Hylla has been contacted for comment, but a court staff member said he was presiding over a trial, involving an auto accident, on Friday afternoon.
Stobbs will take the reigns from Associate Judge Clarence Harrison, who has handled the asbestos docket for nearly two years. Harrison recently announced that he is seeking election to the vacancy created when former Chief Judge Ann Callis left the bench in May to run for Congress.
Harrison replaced Circuit Judge Barbara Crowder in December 2011 under controversial circumstances.

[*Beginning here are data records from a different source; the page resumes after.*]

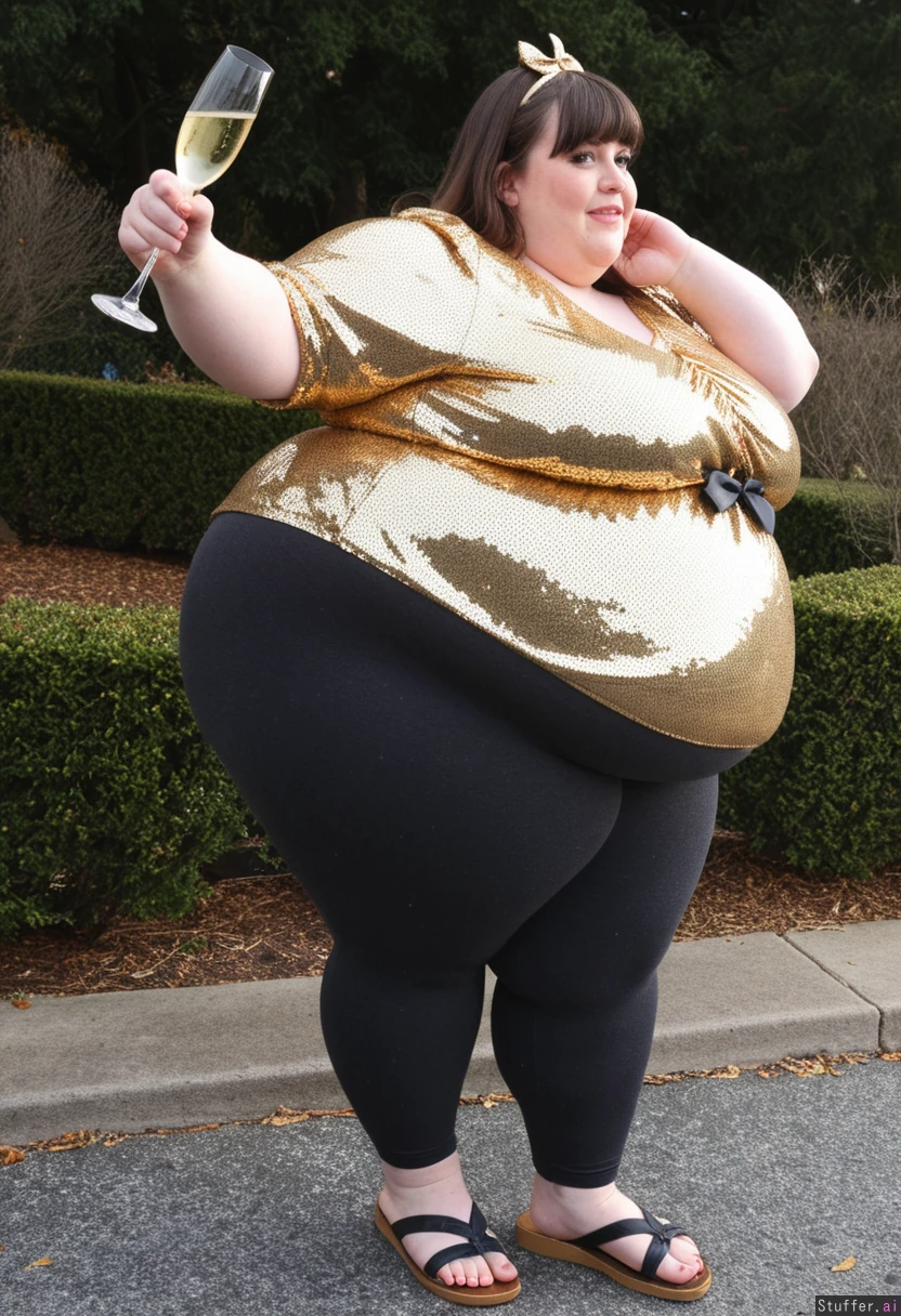 30 year old ultra morbidly obese fat ssbbw oversized dark gold sparkled peplum blouse with sequins, oversized charcoal capri leggings, brown hair, brown eyes, bow in hair,glitter on Chubby cheeks, straightened hair, bangs, sandles, holding glass of champagne Side view Daytime New years eve outside park party with friends Fully clothed Fully covered View from side Ultra massive fat arms Very bottom heavy Hyper fat round bloated belly sticks out far in front Chubby cheeks Ultra wide massive fat round hips Double chin Hyper humongous fat thighs Side view
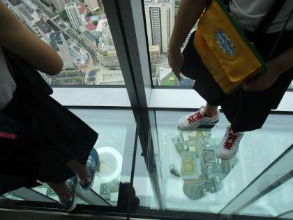 わくわくドキドキしながらエレベーターに乗って、60階にある「あべのハルカス」の天井回廊へ……。東西南北360度に広がる大阪の街をじっくり見学しました。北には大阪城、西には大阪港や明石海峡大橋、南には長居公園、東には生駒山など遠くの方まで見ることができました。また、眼下には通天閣や天王寺動物園も見えたり、床がガラスになっていて下まで見えるところもあったり、とても楽しく学習していました。
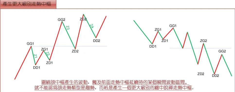 缠中说禅走势中枢中心定理二前后同级别的两个缠中说禅走势中枢,后GG<前DD等价于下跌及其延续;后DD>前GG等价于上涨及其延续。后ZG<前ZD且后GG>=前DD,或后ZD>前ZG且后DD=<前GG,则等价于形成高级别的走势中枢
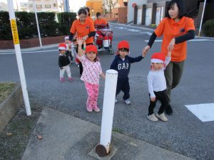 1歳児のお友だちは、先生と手をつないで渡りました。
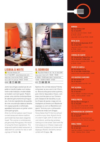 Cravo & canela 8H Rua da Barroca, 70 Tel. 21 343 1858 / 96 828 9326
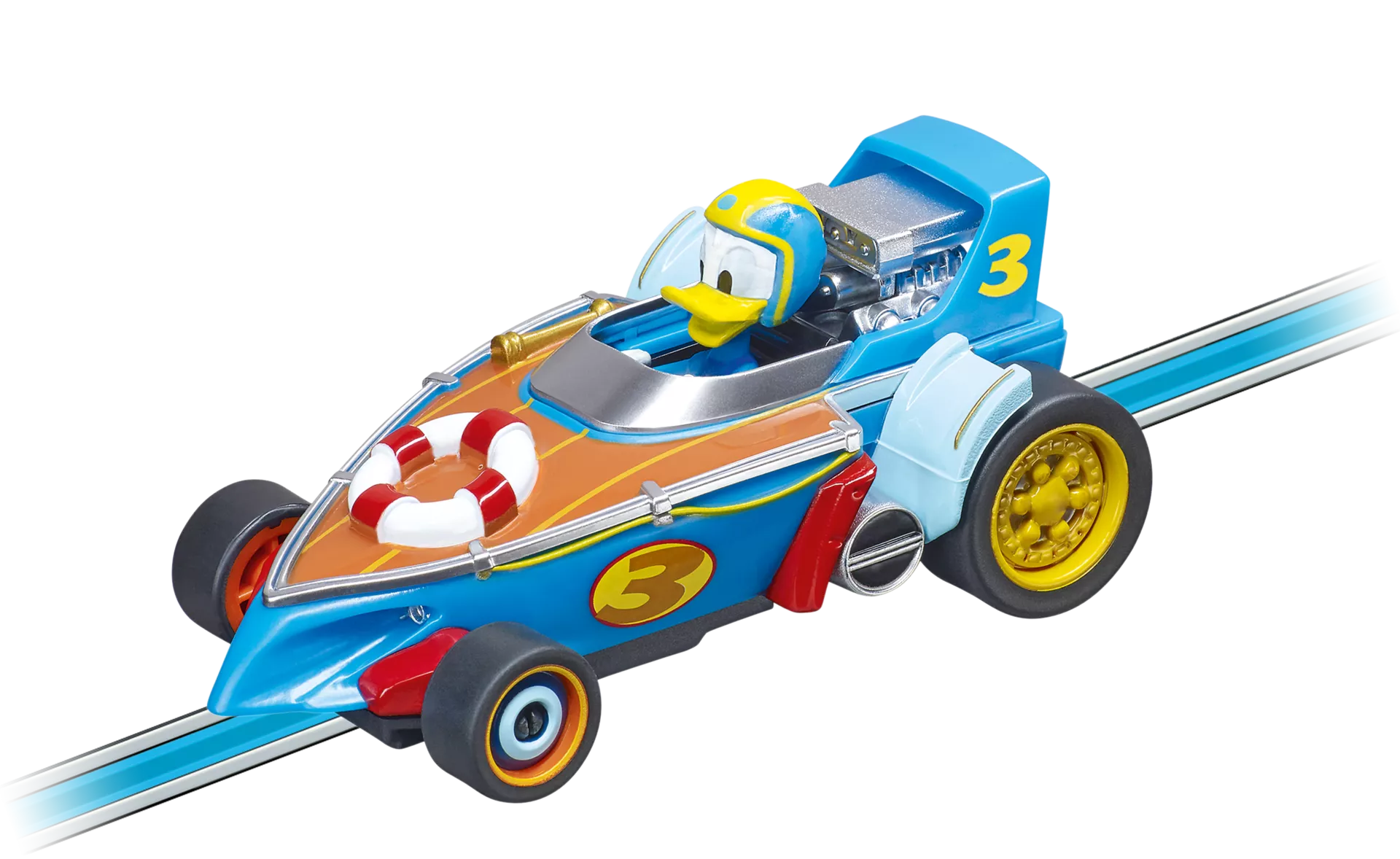 Die beiden Freunde Mickey und Donald kommen in dein Kinderzimmer! Mit dem Carrera FIRST „Mickey – Fun Race“ Set flitzen die beiden Kids-Allstars über deine 2,4 Meter lange, blaue Spielbahn. Die besonders bunte Bahn und die detailgetreuen Spielzeugautos überzeugen dank Originallizenz auf jeden Fall!
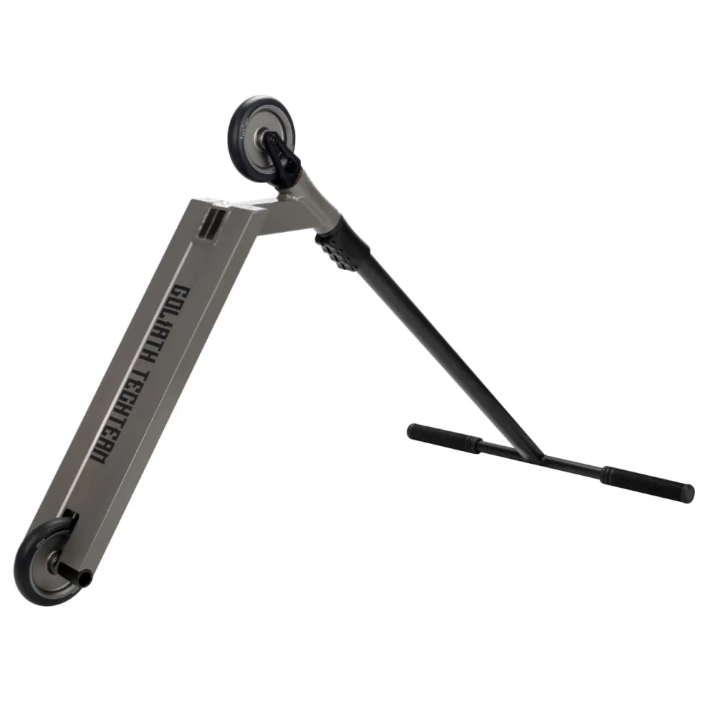 Трюковой самокат Tech Team Goliath 2021 (серый) – старший родственник варианта Zorg. Отличается от предыдущих моделей массивными габаритами и очень высоким рулем. Внешне самокат выглядит агрессивно. Оценив технические характеристики и особенности становится ясно, модель, предназначена для профи. Если параметры руля слишком высокие пользователь самостоятельно может изменить их до нужного размера.

Crowder, who had served as asbestos judge for less than a year and a half, was reassigned to hear chancery, eminent domain and miscellaneous remedy cases after it was learned that she accepted $30,000 in campaign contributions from the area’s three largest asbestos firms days after she granted those firms a vast majority of the docket’s advance trial slots for 2013.
The practice of reserving large numbers of trial slots for asbestos lawsuits has over the years attracted thousands of out-of-state claimants with no connection to Illinois - into Madison County – explaining in part the docket’s expansion.
Harrison eliminated the advance trial setting practice in March 2012. But, that did not stem the flow of new asbestos filings into Madison County. On the contrary, Harrison’s ruling might have opened up the door for more lawyers, and potentially more suits, to make their way into the local system. A record number – 1,573 – asbestos cases were filed in Madison County in 2012.
The fourth judge to have presided over the docket in the last three years is the now retired Circuit Judge Daniel Stack, who managed it from 2004 through mid-2010, during a period of the docket’s decline and then steady increase.
Stobbs, a Republican from Godfrey, came onto the Third Circuit after the court gained an associate position based on population gains.
Before his appointment, Stobbs was serving his third term as Madison County Board member. He chaired the Judiciary Committee.
Stobbs’ law practice focused primarily in the areas of probate and estate, elder law, as well as trusts, will, estate planning, civil litigation, commercial and residential real estate and small business representation.
He is a graduate of St. Louis University and the Thomas M. Cooley Law School in Lansing, Mich.